Antenatal events causing neonatal brain injury in premature infants

Imaging of Premature Infants

According to the World Health Organization (WHO), 15 million babies are born preterm each year. Preterm infants are those born at less than 37 weeks, while extremely and very preterm neonates include those born at 22 to less than 32 weeks gestational age. Infants that fail to make it to term are missing a key part in neurodevelopment, as weeks 24 to 40 are a critical period of brain development. Neonatal brain injury is a crucial predictor for mortality and morbidity in premature and low birth weight (<1500 g) infants. Although the complications associated with preterm birth continue to be the number one cause of death in children under 5, the survival rates are increasing (Volpe, 2019). Despite this, the incidence of comorbidities, such as learning disabilities and visual and hearing problems, is still high. The functional deficits seen in these infants can be contributed to the white matter abnormalities (WMA) that have been found in 50% to 80% of extremely and very preterm neonates.
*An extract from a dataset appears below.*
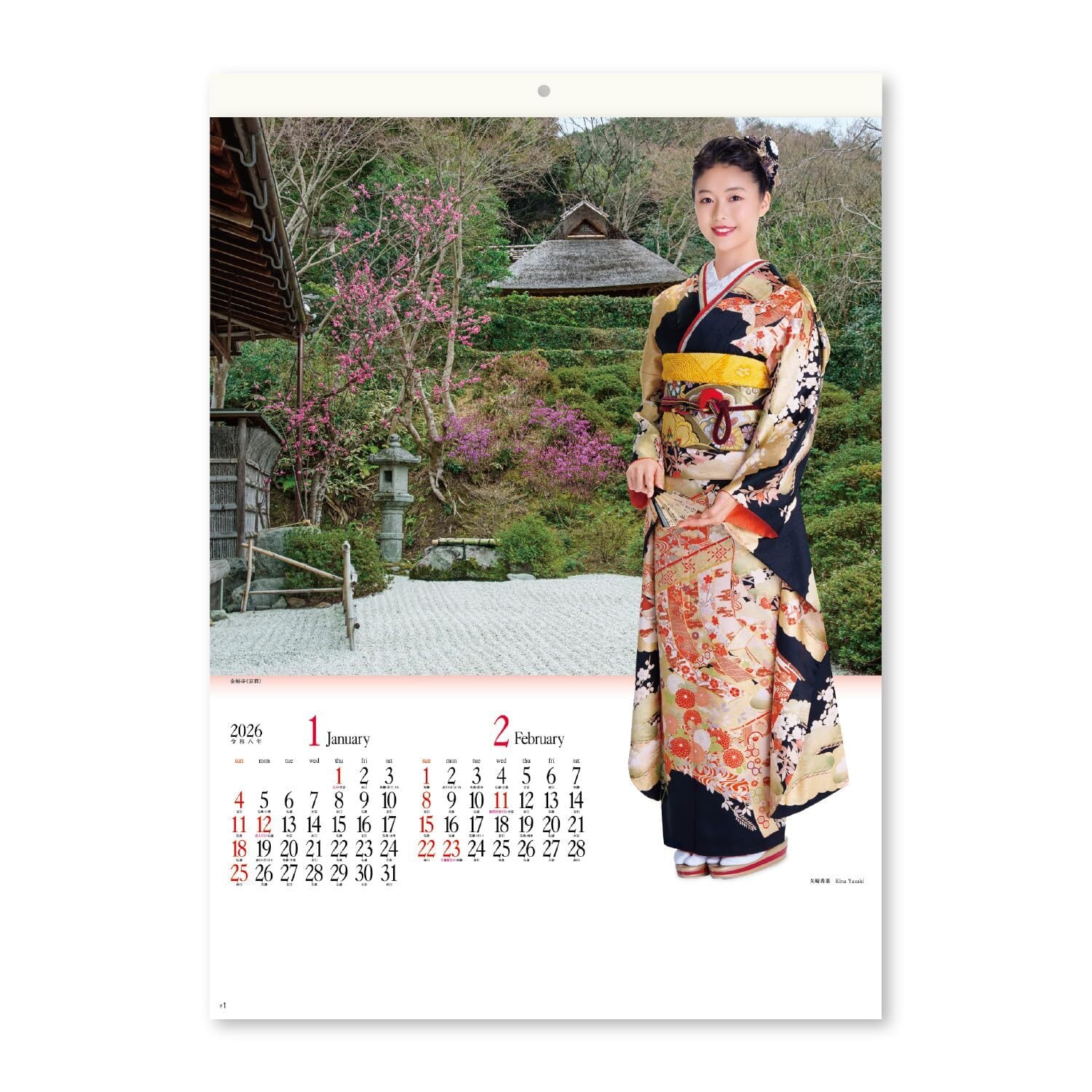 新日本カレンダー 2026年 カレンダー 壁掛け みやび・和装と庭園 年表付 NK59

While numerous, the etiology of the neonatal brain injury is essential for determining the mortality and morbidities of the infant, as there is an increased risk for both intraventricular hemorrhage (IVH) and periventricular leukomalacia (PVL), which can be attributed to their lack of cerebrovascular autoregulation and hypoxic events. Neuroimaging plays a key role in detecting and assessing these neurologic injuries that preterm infants are at risk for. It is essential to diagnose these events early on to assess neurologic damage, minimize disease progression, and provide supportive care. Brain MRI and cranial ultrasound (CUS) are both extensively used neuroimaging techniques to assess WMA, and it has become ever more important to determine the best imaging techniques and modalities with the increasing survival rates and high incidence of comorbidities among these infants.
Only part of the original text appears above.